Could you try the latest version (v0.13.0)? I would like to round up some old issues, particularly the container issues.

sestaton commented 4 years ago

Specifically, the same command you ran previously is working fine for me:

singularity run --bind $PWD/test1:/test1 $PWD/tephra_latest.sif 

If this is no longer relevant, that is okay but let me know please and I'll close this issue.

eganko commented 4 years ago

Sure, with the 0.13.0 version:

INFO - ======== Tephra version: 0.13.0 (started at: 04-07-2020 11:20:25) ========
DEBUG:  tephra findltrs -g Chr2.fa -o /home/bioinf/tephra/test1/Chr2_tephra_ltrs.gff3 -c tephra_config.test1.yml --logfile test1.log --debug
Copy failed: No such file or directory at /usr/local/share/perl/5.30.0/Tephra/Command/findltrs.pm line 142.
INFO - Command - 'tephra findltrs' completed at: 04-07-2020 11:20:26.
INFO - Command - 'tephra findtrims' started at: 04-07-2020 11:20:26.

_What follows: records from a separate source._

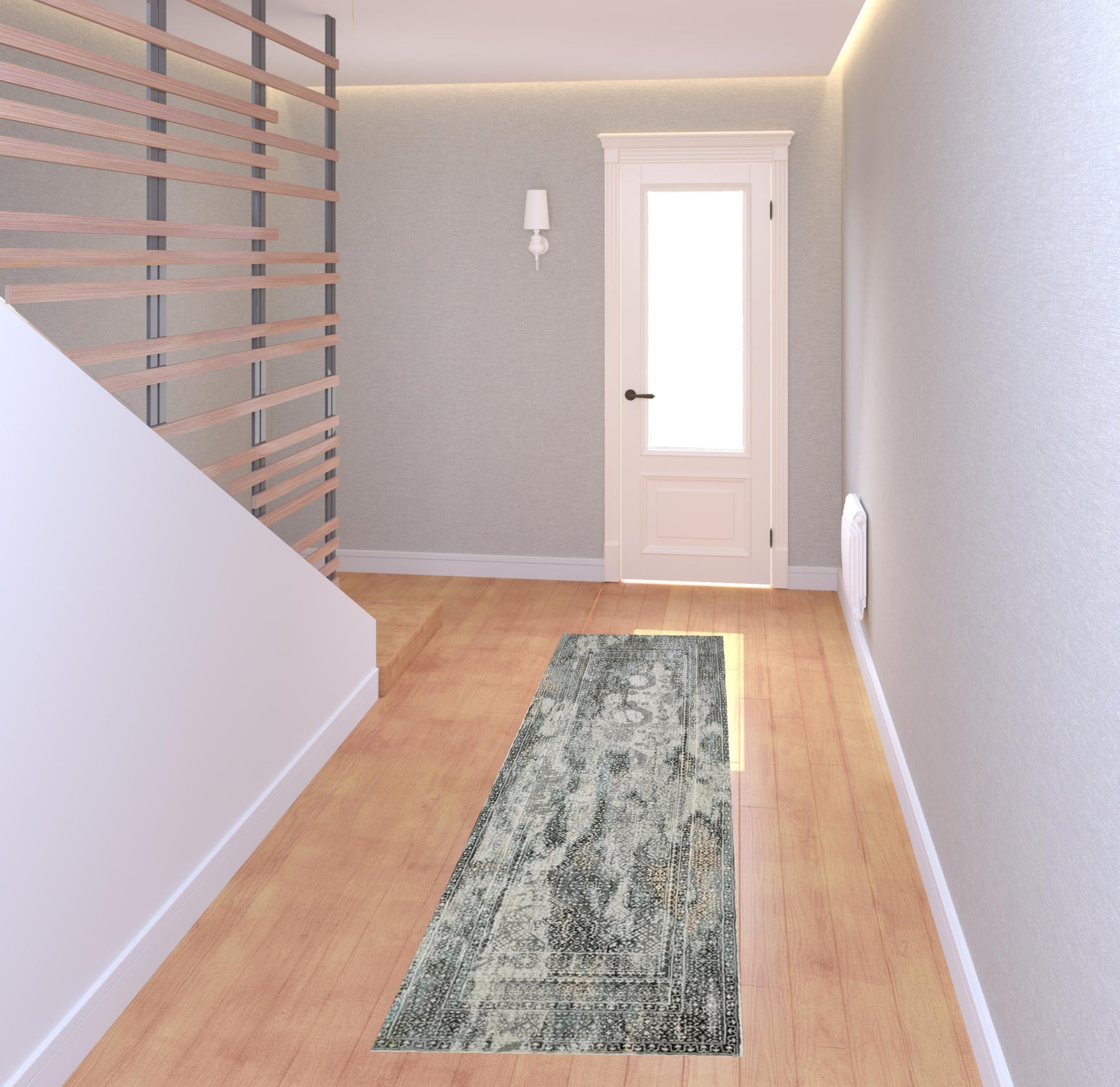 Add great coloration and comfortable texture to your space with this 2' x 8' ivory grey charcoal blue and rust oriental power loom stain resistant runner rug. This runner shaped rug features a oriental design in ivory grey charcoal blue and rust to give it visual interest. A classic shape marries with good looking design for your space Ideal for spaces with kids and pets, this rug is stain resistant to help repel stains and spilled liquids. Place this area rug against a hardwood or tile floor and it will enliven your living space with style and sophistication. 1" H x 26.77" W x 90.55" D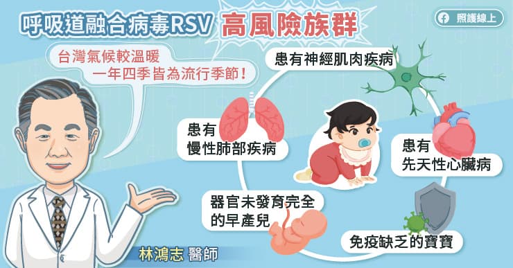 吸道融合病毒RSV的輕症患者也許3至5天就好了,重症患者便會拖比較久,林鴻志醫師說,早產兒、先天性心臟病、慢性肺病、神經肌肉疾病、免疫不全等,屬於高危險群,很容易演變成呼吸困難、呼吸衰竭。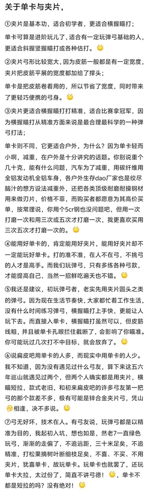 点评:这段话说得没有问题,夹片圆头弹弓上手快打准较易,单卡弹弓上手慢打准较难。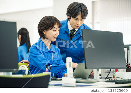 オフィスでデスクワークをする作業服を着た若い女性
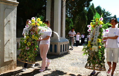 晋察冀烈士陵园位于唐县城西北的军城南关村西,园内苍松翠柏,花果飘香,林墓相间,有著名国际主义战士白求恩、柯棣华的原始陵寝,还有36名八路军县团级以上将士的陵墓,是中国共产党所建的较早烈士陵园之一,是人们缅怀先烈祭奠英灵进行爱国主义教育的基地。小分队在白求恩医学院党委副书记兼副院长苑锐带领下向白求恩墓敬献花蓝,院学生会主席赵宇昊代表全体学生发言,表达了继承白求恩遗志,弘扬白求恩精神的坚定决心。全体成员向白求恩像宣誓,郑重承诺——恪守医德,救死扶伤,时刻准备着为祖国医药卫生事业奉献自己的全部力量。小分队还向柯棣华墓、付莱墓、琼•尤恩墓敬献了花圈。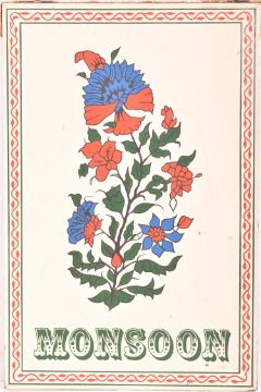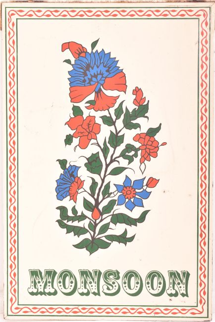 A vintage 20th century restaurant or shop double-sided hanging sign for Monsoon. The sign of rectangular form having cream ground with central floral decorations over the name below. Iron hooks atop.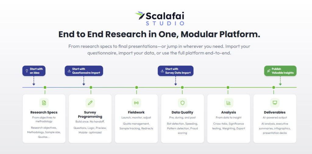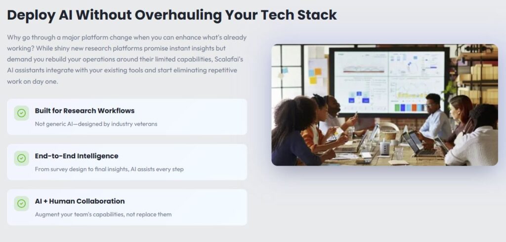 Scalafai AI-native insights platform helps research teams do more with less, faster, without disrupting day to day operations.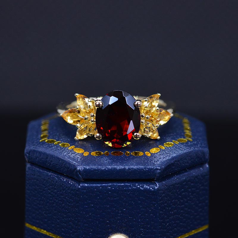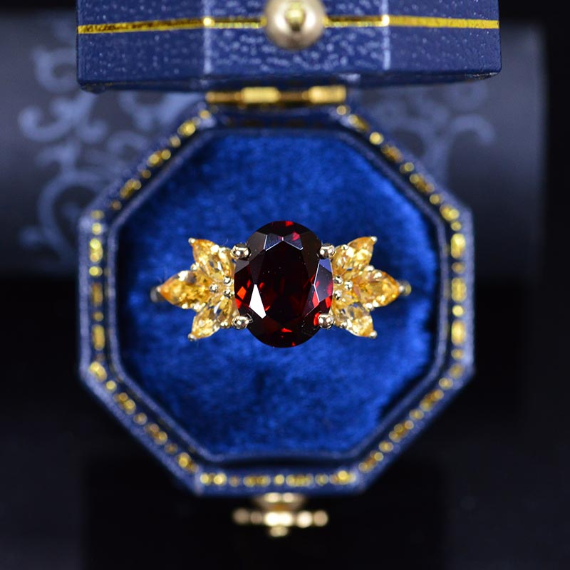 Engagement : 2 Carat Genuine Garnet  Oval-9x7 mm, VVS1-Clarity, VG-Cut, Ex-Polish, VG-Symmetry Center Stone with  Colorless 0.6 CTW Citrine

My focus is on other things currently, but I do hope to return to repeat finding in the Fall, so perhaps I can try some more in depth singularity checking then. Feel free to close this for housekeeping purposes..

sestaton commented 4 years ago

Thanks for the response. I'll leave this issue open as a reminder. The Docker version and basic install or fine, but I do intend to understand and resolve these Singularity issues.